We have developed an algorithm for representing the gene-expression data of cancer tissue samples of a given cancer type as four stage-specific co-expression networks, one for each stage, and their perturbed networks when a new sample is added to the sample set of each stage. The level of perturbation due to inclusion of the new sample to each of the four co-expression networks, in general, will be significantly different between the network where the new sample intrinsically belongs and the three other networks. This serves as the basis of our cancer staging algorithm.

A co-expression network is built over samples in each stage of a given cancer type, consisting of only gene pairs that are highly co-expressed, where each gene pair is represented as an edge connecting two nodes denoting the two genes. When a new sample is added to the sample set of each stage, the co-expression levels of some gene pairs may change.

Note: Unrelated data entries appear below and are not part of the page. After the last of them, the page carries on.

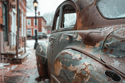 vintage, car, dented, door, old, rust-eaten, weathered, town, vehicle, transport, historical, nostalgia, antique, aged, wear, tear, city landscape, decay, retro, automobile, traditional, streetscape, texture, outdoors, street, old-fashioned, rustic, automotive, past, history, charme, photo, scenic, aesthetic, detail, closeup, neighbourhood
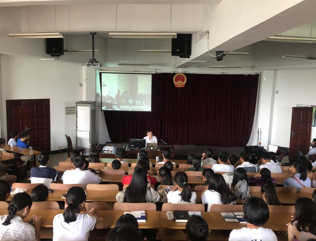 9月29日下午3点30分,在07-T301suncitygroup太阳集团召开了创新创业教育讲座,东莞尾音信息科技有限公司武汉分公司销售总监王子坚以“奋进正青春,创赢新梦想”为主题做演讲,全体2018级新生参加了此次讲座。
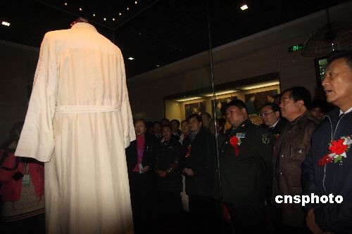 2008年12月25日,毛泽东有73个补丁的睡衣在韶山毛泽东遗物馆展出。 中新社发 郭国权 摄

Chen and co-authors have made the following observation28: if two genes are co-expressed over a sample set, then adding a new sample to the set should not change their co-expression level significantly if their expression levels in the new sample are linearly consistent with those in the sample set; otherwise the co-expression level will decrease or remain at a low level. In addition, we have noted that cancer samples in the same stage tend to have a large collection of stage-specific co-expressed genes, used to execute the biological functions specific to the stage. By integrating these two insights, we have the following key observation: for a given co-expression network of a specific stage, adding a new sample that “intrinsically” belongs to the stage should not alter significantly the structure of the co-expression network; in contrast, when a sample is added to the sample set of a different stage, it will affect the co-expression levels of some gene pairs, hence altering the structure of the co-expression network. Our algorithm follows.

Step 1: Identification of DEGs for co-expression analyses. To ensure that the numbers of DEGs are approximately the same across different stages to avoid sample-size related bias, we have selected n DEGs with the largest variance for each stage, where n is the smallest number of DEGs in a stage across the four for the given cancer type.

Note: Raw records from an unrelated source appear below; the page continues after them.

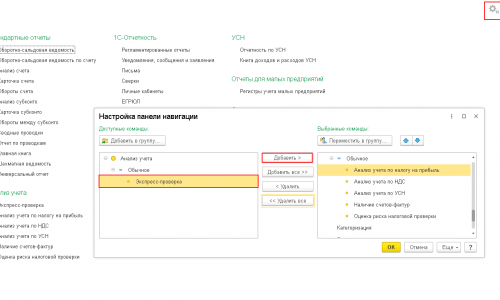 Если в разделе Отчеты у вас Экспресс-проверки нет, добавьте отчет по кнопке Настройки панели навигации, как показано на рисунке.
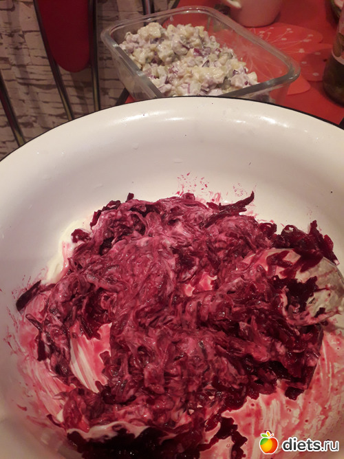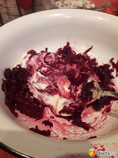 -Потрем свеклу на крупной терке, посолим по вкусу и добавим майонеза-совсем немного. Дадим ей пропитаться!
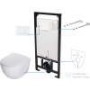 1 kép Deante Peonia Zero fali WC szett, ülőkével, szerelőkerettel, fehér nyomólappal CDEA6ZPW
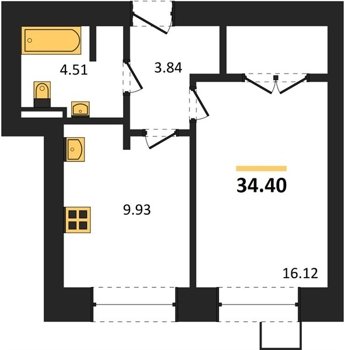 Площадь от 34.4 м2

Step 2: Construction of co-expression networks. Samples of each stage are divided into three groups: 30% as the reference, 40% for training, and 30% for testing. A co-expression network is constructed over the reference set for each of the four stages: each DEG is defined as a node and a pair of co-expressed DEGs above a PCC-based threshold (see METHODS) as an edge linking the two genes.

Step 3: Construction of a perturbed network over each sample set plus a new sample. For each co-expression network N built at Step 2 and a new sample s, calculate the PCC value for each co-expressed gene pair in N over the expanded sample set. If the relationship between the new PCC and the threshold is reversed compared to the original PCC, remove it from N if PCC > threshold; and otherwise add the edge to N.

Step 4: Data preparation for cancer-stage classifier training. For each new sample considered for cancer staging, represent each of its four perturbed networks as a one-dimensional vector: each pair of co-expressed genes in a co-expression network is given a fixed location in the vector, containing the PCC value or a 0.0 if the gene pair is removed in the perturbed network, hence allowing direct comparisons among such PCC-based vectors.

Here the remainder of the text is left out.